Felipe left them by day. He offered no excuses, they were not necessary. The castle was the place where everything they had dreamed was becoming reality. The others, Ludovico said to Celestina — Pedro, Simón, the Eremites, the Moors, the pilgrims, the Hebrews, the heresiarchs, the beggars, the prostitutes — must, like them, be liberating themselves in the diverse forms of their various pleasures. At night, Felipe returned, always with brimming pitchers and trays laden with food.
“We need never leave here,” he said to them, “Everything we need is here.”
They made love. They slept. But one night Felipe entered the bedchamber and with him a frightful odor penetrated the room.
“Now the smell is of death, not of pleasure,” Ludovico said to himself.
He waited until Felipe and Celestina were sleeping, naked, their limbs intertwined. The young student donned his beggar’s clothing and left the chamber. A thick cloud of smoke forced him to retreat. He steeled himself to investigate what was happening. Cautiously he walked a long passageway. Death was borne on the wings of the smoke. Choking, he sought refuge. He opened a door and stepped into a bedchamber.
Two women were peering through a high narrow arched window onto the castle courtyard below. They did not see him as he entered. Clutching each other in fear were a beautiful young Lady and a malodorous scrubbing maid in wide skirts. The student approached the window. Seeing him there, the women screamed and embraced each other even more tightly. Brusquely forcing them aside, Ludovico looked out onto the courtyard.

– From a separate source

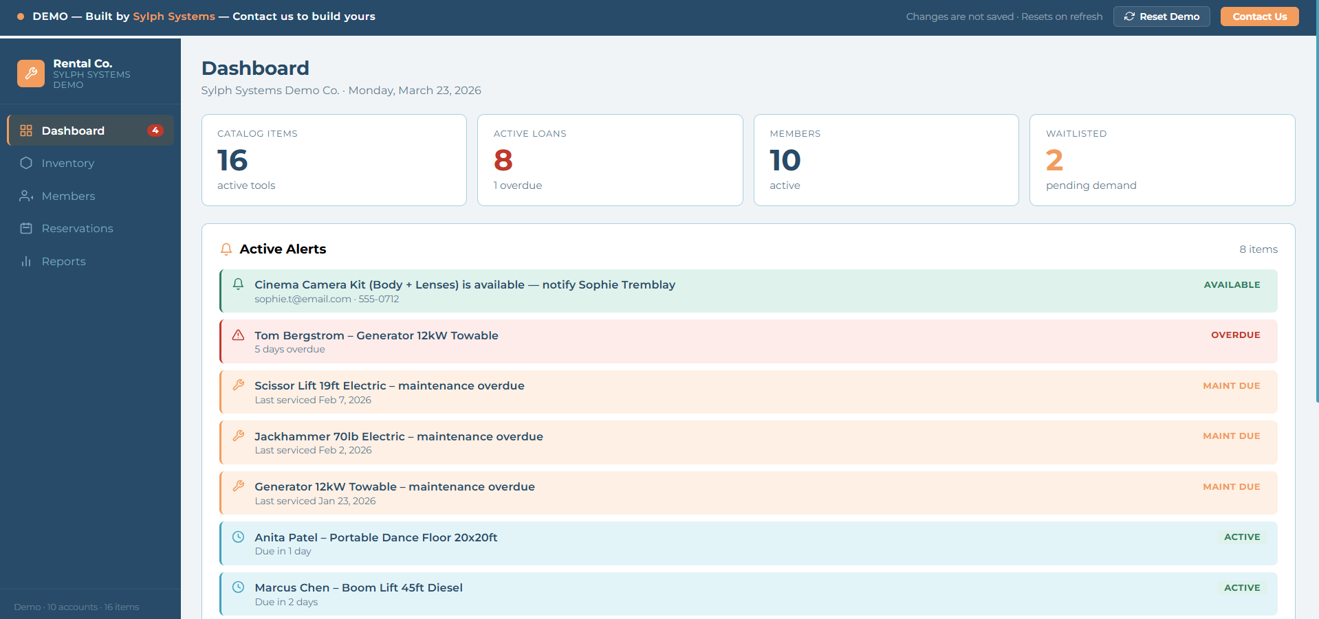 Checkouts and Returns Process rentals in a few clicks. Get alerts when items are overdue. See everything due back today at a glance.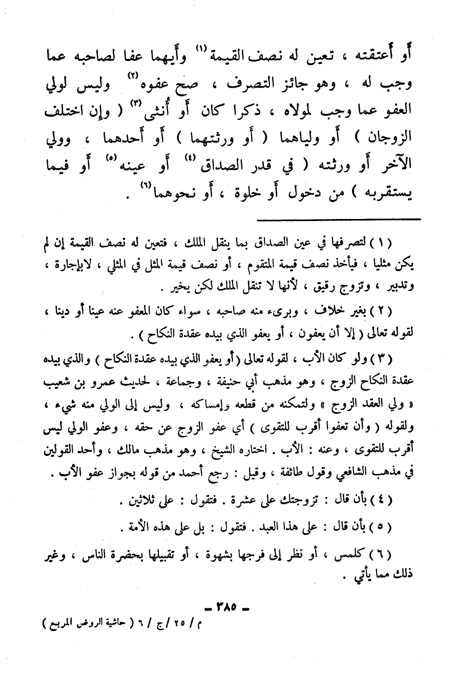 (¬3) ولو كان الأب، لقوله تعالى {أَوْ يَعْفُوَ الَّذِي بِيَدِهِ عُقْدَةُ النِّكَاحِ} والذي بيده عقدة النكاح الزوج، وهو مذهب أبي حنيفة، وجماعة، لحديث عمرو بن شعيب «ولي العقد الزوج» ولتمكنه من قطعه وإمساكه، وليس إلى الولي منه شيء، ولقوله {وَأَنْ تَعْفُوا أَقْرَبُ لِلتَّقْوَى} أي عفو الزوج عن حقه، وعفو الولي ليس أقرب للتقوى، وعنه: الأب. اختاره الشيخ، وهو مذهب مالك، وأحد القولين في مذهب الشافعي وقول طائفة، وقيل: رجع أحمد من قوله بجواز عفو الأب.

The women ran screaming from the room.
He had not seen the women before, but the cadavers, yes. Guards in coats of mail, bloody swords unsheathed, were dragging bodies by the hair or by the feet and throwing them onto a great pyre blazing in the center of the courtyard. He recognized the men, women, and children Felipe had led to the castle.
Ludovico looked about the rich apartment. With a gesture of rage he ripped down a tapestry hanging on one of the chamber walls. Behind the tapestry was a cradle. And in the cradle slept a baby only a few weeks old. A thousand conflicting thoughts raced through the student’s feverish brain. All were resolved in one almost instinctive action: he removed the child from the cradle, wrapped him in the same silks that had covered him, and left the room with the infant in his arms.
He believed he was saving an innocent from the terrible slaughter. He returned to Felipe’s bedchamber. The youth and the girl were still asleep. Holding the infant aloft to show him to his companions, he almost awakened them. He looked at Celestina’s sleeping face and smiled tranquilly; he knew what she was dreaming. He looked at Felipe and his smile froze; he did not know what Felipe dreamed. Beside the seashore each of them except Felipe had told what he desired: Pedro, a world without servitude. Simón, a world without illness. Celestina, a world without sin. Ludovico, a world without God.